» **Task description**: Since the listing below shows pictures, leave them out and write out exactly the lines from the line with "Type-Cディスプレイポー" to the line with "On social media, but", both included, and no others.

» **Data extract**:

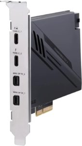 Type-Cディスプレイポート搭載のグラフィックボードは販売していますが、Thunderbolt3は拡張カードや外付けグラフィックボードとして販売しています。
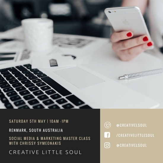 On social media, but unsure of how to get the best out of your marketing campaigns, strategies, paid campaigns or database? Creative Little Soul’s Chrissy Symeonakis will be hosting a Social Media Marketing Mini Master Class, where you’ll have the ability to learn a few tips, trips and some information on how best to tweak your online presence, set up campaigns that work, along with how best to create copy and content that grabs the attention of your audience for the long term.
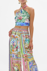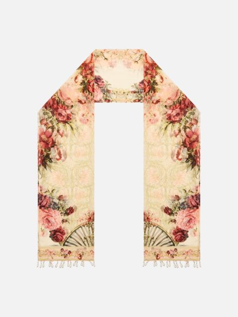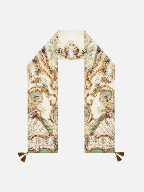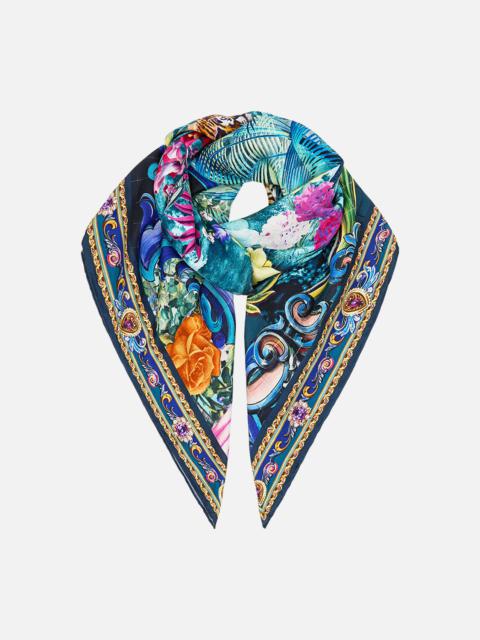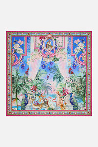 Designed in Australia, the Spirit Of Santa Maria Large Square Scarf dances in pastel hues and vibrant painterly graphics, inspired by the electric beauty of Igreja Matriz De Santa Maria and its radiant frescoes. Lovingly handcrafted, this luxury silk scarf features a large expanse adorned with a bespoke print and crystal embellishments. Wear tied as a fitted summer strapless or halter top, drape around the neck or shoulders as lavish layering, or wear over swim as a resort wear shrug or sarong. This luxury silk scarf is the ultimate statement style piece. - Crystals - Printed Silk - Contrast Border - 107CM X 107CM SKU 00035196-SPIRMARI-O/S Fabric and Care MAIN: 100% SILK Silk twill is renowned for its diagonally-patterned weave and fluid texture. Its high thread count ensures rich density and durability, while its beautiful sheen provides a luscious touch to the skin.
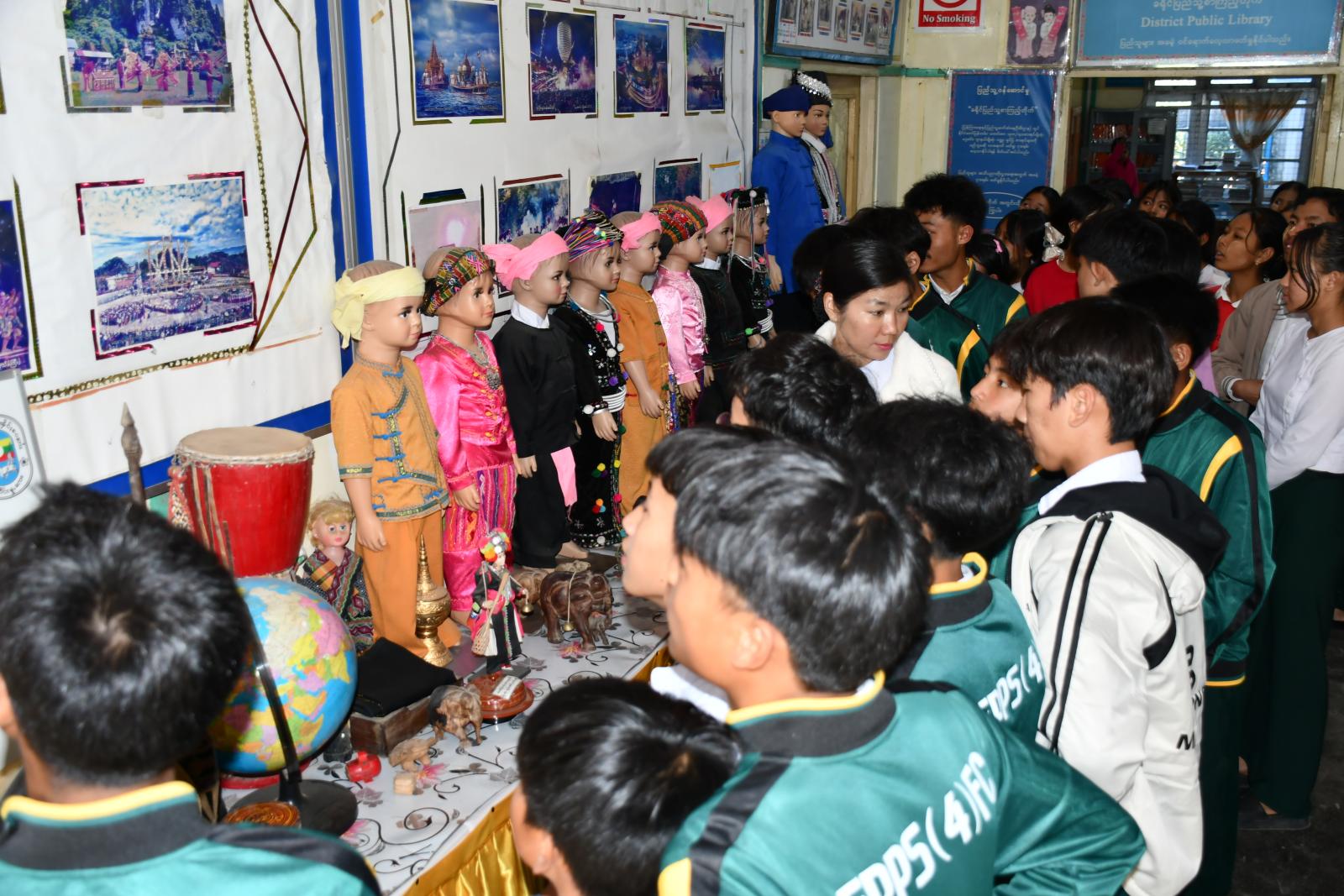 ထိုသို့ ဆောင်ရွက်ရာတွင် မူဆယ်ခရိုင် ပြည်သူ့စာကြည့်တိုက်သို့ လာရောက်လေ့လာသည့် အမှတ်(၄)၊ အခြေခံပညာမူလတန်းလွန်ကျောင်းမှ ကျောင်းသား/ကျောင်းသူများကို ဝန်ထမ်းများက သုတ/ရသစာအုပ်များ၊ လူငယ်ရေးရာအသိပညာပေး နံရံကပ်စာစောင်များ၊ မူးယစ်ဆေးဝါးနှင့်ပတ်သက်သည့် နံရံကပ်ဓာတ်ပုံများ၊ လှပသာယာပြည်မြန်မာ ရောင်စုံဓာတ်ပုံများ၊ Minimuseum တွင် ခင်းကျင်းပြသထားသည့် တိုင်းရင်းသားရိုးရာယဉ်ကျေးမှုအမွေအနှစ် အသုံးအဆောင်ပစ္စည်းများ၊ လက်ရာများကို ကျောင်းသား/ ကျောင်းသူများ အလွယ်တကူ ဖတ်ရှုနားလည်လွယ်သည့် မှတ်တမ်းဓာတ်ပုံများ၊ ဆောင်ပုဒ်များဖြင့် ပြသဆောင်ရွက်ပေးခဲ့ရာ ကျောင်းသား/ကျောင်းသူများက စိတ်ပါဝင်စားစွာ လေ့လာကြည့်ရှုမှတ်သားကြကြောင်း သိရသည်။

==

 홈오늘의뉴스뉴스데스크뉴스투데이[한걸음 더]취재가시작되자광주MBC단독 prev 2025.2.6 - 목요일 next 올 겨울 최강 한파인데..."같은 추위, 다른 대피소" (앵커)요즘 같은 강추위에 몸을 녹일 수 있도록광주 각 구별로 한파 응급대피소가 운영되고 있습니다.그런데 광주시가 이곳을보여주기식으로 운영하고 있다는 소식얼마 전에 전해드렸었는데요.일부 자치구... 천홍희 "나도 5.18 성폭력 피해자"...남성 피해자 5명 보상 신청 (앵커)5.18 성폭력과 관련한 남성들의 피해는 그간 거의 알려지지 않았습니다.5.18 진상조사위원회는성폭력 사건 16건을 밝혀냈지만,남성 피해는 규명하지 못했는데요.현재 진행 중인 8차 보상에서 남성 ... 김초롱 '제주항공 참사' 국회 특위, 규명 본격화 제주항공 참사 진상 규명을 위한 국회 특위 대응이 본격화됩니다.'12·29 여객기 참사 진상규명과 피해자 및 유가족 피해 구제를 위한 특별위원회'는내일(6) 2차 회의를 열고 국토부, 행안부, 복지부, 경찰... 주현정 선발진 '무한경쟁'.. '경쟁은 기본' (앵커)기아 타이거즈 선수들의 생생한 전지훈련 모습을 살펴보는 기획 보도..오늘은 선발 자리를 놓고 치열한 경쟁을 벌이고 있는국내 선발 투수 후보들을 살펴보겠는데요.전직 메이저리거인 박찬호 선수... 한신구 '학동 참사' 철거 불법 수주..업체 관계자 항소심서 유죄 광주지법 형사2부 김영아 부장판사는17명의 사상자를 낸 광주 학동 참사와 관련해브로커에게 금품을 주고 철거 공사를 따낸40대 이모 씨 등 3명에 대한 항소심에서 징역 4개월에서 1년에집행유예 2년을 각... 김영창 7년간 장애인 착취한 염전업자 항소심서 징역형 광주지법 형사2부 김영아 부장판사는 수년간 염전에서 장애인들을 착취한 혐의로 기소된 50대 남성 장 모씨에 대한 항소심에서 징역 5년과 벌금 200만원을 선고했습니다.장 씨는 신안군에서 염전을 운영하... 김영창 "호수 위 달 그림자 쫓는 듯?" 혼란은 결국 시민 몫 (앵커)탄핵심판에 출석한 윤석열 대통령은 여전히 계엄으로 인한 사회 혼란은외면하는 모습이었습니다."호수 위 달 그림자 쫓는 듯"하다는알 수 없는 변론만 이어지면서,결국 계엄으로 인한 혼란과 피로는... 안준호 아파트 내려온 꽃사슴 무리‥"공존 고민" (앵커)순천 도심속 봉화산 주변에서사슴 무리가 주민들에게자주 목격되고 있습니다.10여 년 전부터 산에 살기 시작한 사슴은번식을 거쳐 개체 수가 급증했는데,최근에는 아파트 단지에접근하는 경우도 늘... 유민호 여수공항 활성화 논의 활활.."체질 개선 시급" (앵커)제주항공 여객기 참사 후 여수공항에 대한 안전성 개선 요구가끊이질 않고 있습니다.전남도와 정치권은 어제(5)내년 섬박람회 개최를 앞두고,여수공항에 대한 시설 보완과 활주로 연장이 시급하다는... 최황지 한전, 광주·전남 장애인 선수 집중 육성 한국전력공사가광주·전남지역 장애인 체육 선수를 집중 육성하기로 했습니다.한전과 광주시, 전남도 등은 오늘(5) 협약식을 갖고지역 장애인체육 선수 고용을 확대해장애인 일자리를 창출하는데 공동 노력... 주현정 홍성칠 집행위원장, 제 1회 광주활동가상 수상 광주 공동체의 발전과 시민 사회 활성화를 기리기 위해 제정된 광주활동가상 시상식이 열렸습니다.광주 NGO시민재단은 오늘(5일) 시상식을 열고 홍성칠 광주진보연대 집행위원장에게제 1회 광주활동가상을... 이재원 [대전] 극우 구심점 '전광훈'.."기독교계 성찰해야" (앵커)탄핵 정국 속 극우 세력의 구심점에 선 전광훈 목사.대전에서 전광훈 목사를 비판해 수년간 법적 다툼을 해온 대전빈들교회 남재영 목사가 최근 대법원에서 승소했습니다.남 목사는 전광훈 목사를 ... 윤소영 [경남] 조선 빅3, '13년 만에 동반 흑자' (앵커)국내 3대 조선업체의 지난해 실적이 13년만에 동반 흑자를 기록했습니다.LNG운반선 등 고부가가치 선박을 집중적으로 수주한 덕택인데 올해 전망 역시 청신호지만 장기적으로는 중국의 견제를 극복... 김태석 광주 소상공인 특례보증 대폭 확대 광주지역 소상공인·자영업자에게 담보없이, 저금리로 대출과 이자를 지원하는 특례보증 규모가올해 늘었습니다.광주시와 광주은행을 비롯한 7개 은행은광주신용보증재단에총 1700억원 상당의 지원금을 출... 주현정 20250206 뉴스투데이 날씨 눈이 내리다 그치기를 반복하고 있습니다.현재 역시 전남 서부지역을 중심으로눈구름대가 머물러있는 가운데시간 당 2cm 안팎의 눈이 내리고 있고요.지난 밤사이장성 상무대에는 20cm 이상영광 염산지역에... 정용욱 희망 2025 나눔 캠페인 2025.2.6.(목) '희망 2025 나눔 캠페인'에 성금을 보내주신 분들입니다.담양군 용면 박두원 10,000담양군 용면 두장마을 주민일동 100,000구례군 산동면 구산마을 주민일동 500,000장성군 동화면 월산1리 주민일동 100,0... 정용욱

==

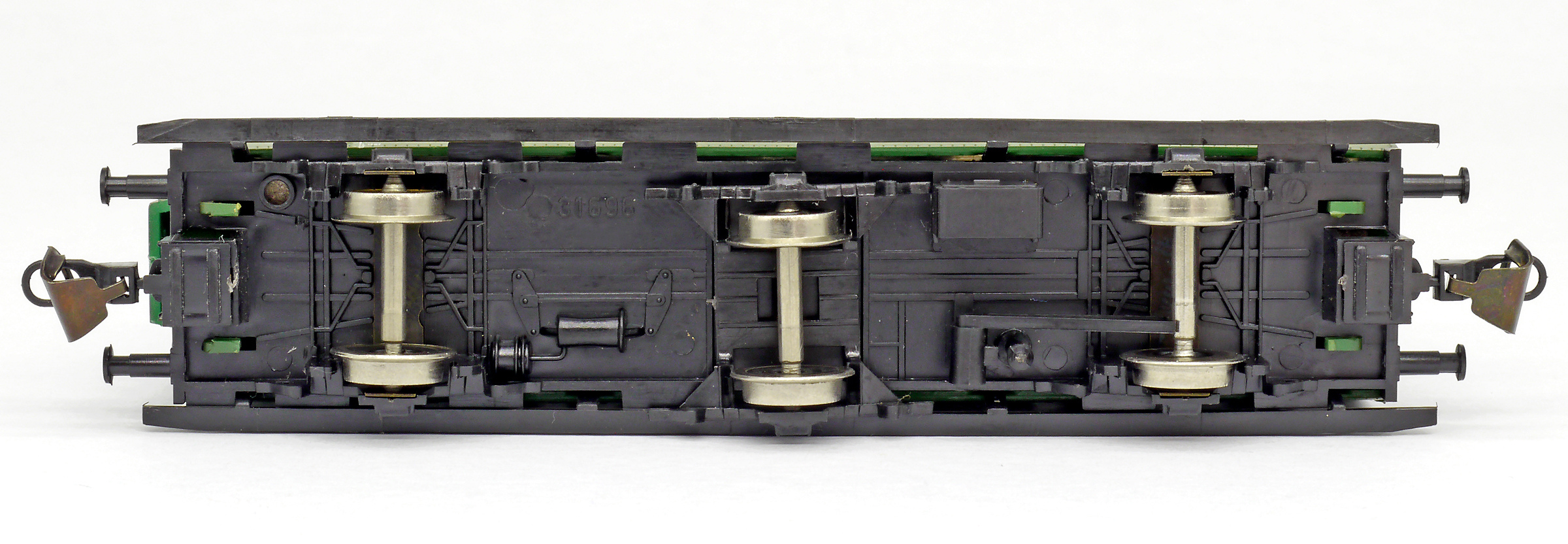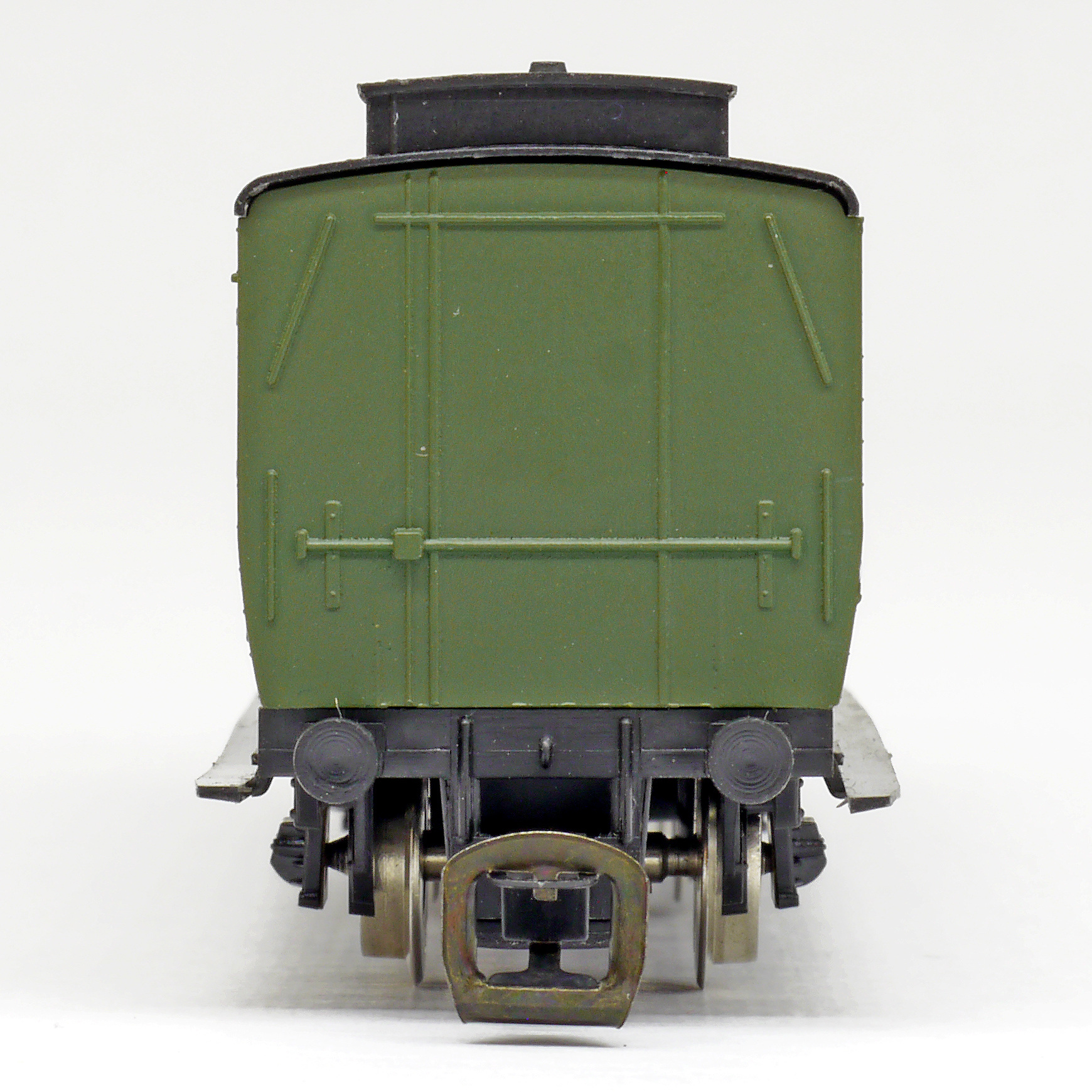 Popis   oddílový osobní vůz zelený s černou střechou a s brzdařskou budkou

» **Written solution**:
 Type-Cディスプレイポート搭載のグラフィックボードは販売していますが、Thunderbolt3は拡張カードや外付けグラフィックボードとして販売しています。
 On social media, but unsure of how to get the best out of your marketing campaigns, strategies, paid campaigns or database? Creative Little Soul’s Chrissy Symeonakis will be hosting a Social Media Marketing Mini Master Class, where you’ll have the ability to learn a few tips, trips and some information on how best to tweak your online presence, set up campaigns that work, along with how best to create copy and content that grabs the attention of your audience for the long term.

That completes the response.